A tal proposito è illuminante una ricerca del 1987 di Fisher che mostra come in dialogando con qualcuno in fase di conoscenza, ben nove domande su dieci siano chiuse e una sola aperta, ovvero tesa alla scoperta dell'altro. Comprendere questo secondo step del metodo è fondamentale, perché altrimenti si arriva alla terza fase non avendo individuato i punti nodali che interessano al nostro interlocutore.

 

Il terzo momento della relazione è simboleggiato dalla "i" di “intervento”. Generalmente "i" tende a concretizzarsi in in situazioni di vendita che richiedono di utilizzare una linguistica capovolta. Il venditore di turno non dovrà semplicemente vendere qualcosa dal momento che questo tipo di comunicazione è ancora troppo incentrata sull’io: il cuore dell’interazione dovrà invece consistere nel far comprare all'altro il prodotto.

 

Questo cambio di strategia necessita ovviamente di un lavoro notevole di preparazione. Talvolta la "i" può declinarsi nel coaching, che personalmente chiamo "dialoghi strategici”, e infine nel campo delle negoziazioni, in cui entrambe le parti hanno bisogno dell'altro per costruire un progetto.

 

Questa rivoluzione del paradigma della comunicazione è complessa perché la cultura in cui siamo immersi e, soprattutto, le leggi che regolamentano il funzionamento del nostro cervello, spingono a un approccio egoistico, incentrato sull'io imperante.
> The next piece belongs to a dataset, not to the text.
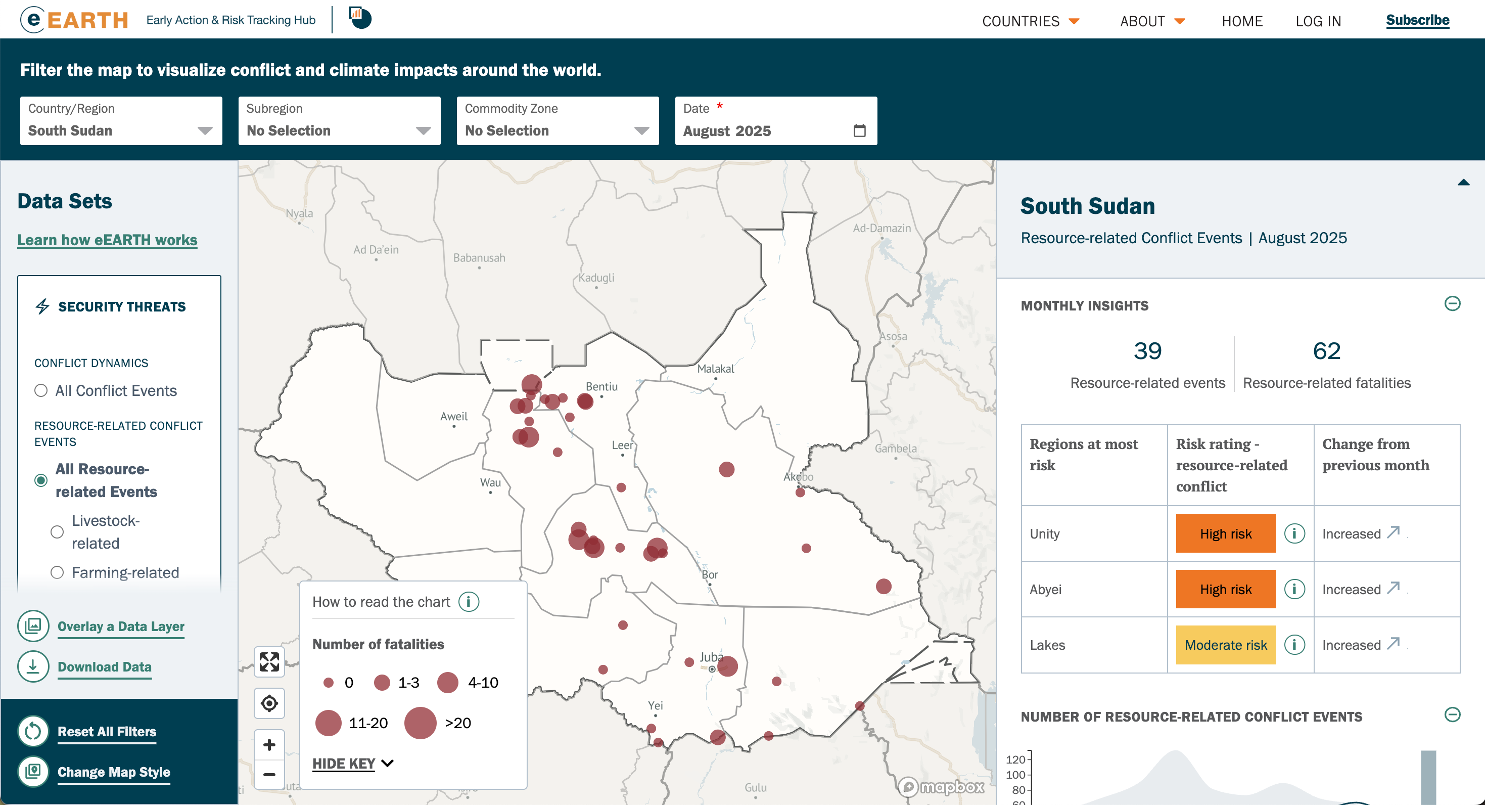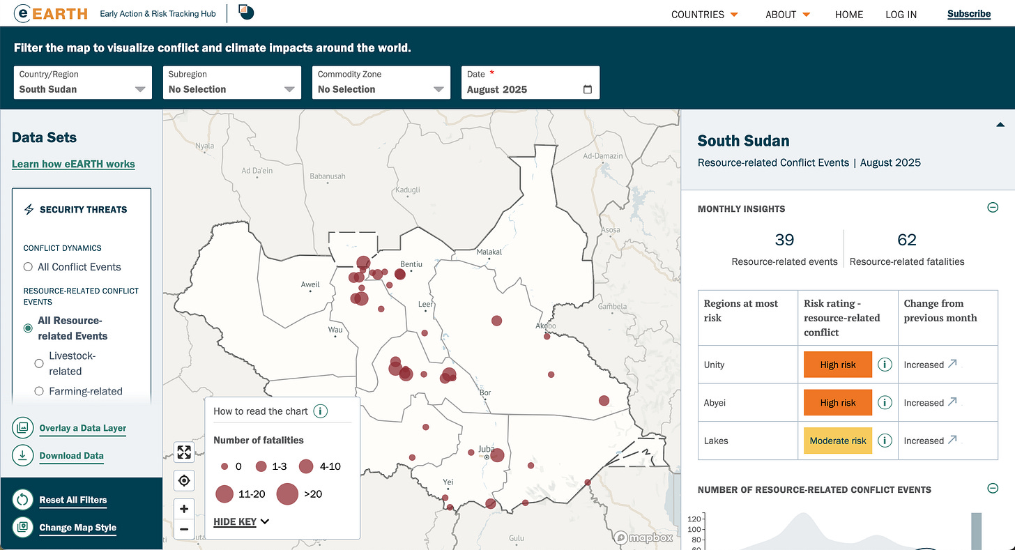 The International Crisis Groupâs eEARTH platform combines climate, conflict, displacement, and food security data into one intuitive hub. With map-based visuals, monthly updates, and built-in forecasts, it helps decision-makers cut through data overload to spot risks and act early
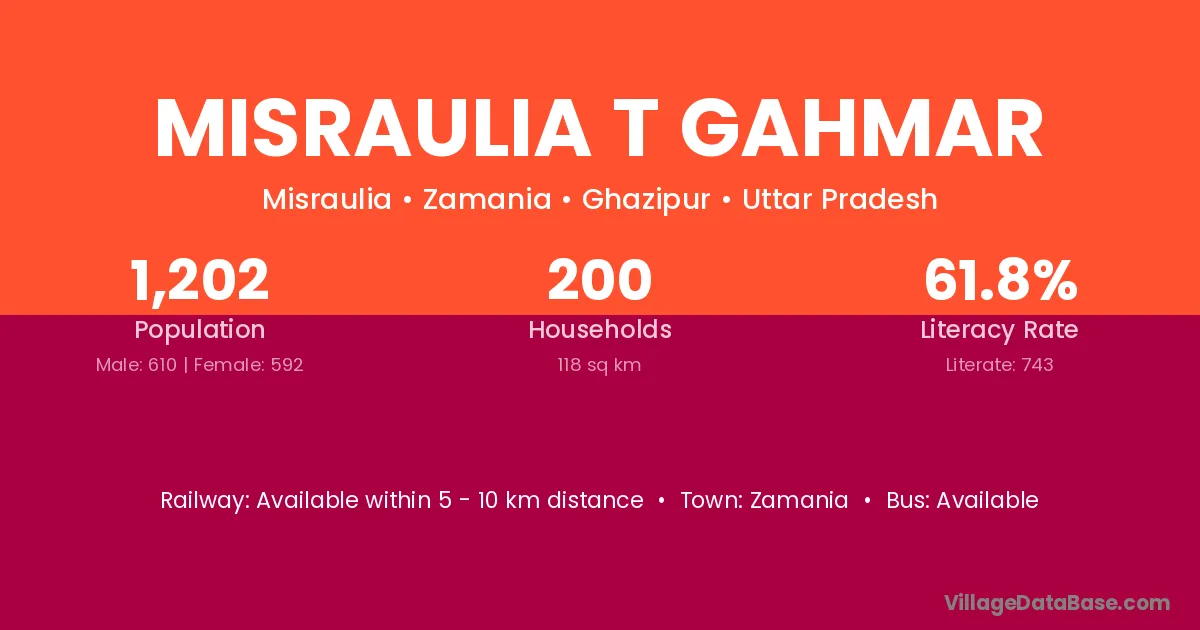 Misraulia T Gahmar village has a total population of 1,202 people, of which 610 are males and 592 are females.

Questo metodo non è tuttavia nato solo dai libri, ma anche, e soprattutto, dalle docenze in aula alla Business School del Sole 24 Ore e dalle consulenze svolte nelle multinazionali: l’obiettivo non è, infatti, semplicemente farlo comprendere, ma farlo apprendere, far sì che diventi abitudine neurale, un habitus. E per far ciò servono tre strumenti, da diffondere prima in un'aula di formazione e poi ogni giorno nella propria azienda: pratica, pratica, e pratica.

 

Avere un approccio scientifico e non basato solamente sulla propria esperienza personale permette di ottenere risultati migliori in diversi campi.
In questi ultimi mesi ho avuto il piacere di formare top manager di società come Ferrero, Roche, Microsoft e tutti costoro, dopo aver appreso un metodo atto a un ascolto più efficace delle esigenze dei loro stakeholders, hanno migliorato sensibilmente le loro prestazioni nei campi della vendita, nell'abilità di negoziare per creare nuove alleanze, nonché  una miglior gestione delle relazioni sia sul lavoro che nella vita privata.

 

Anche questo metodo ha però un "punto debole". Infatti, mi sono per ora limitato a un metodo che favorisca i rapporti (e quindi il business); per un metodo che levi la fatica, e quindi il gusto, di imparare temo che anche le mie amate neuroscienze dovranno attendere (parecchio) tempo.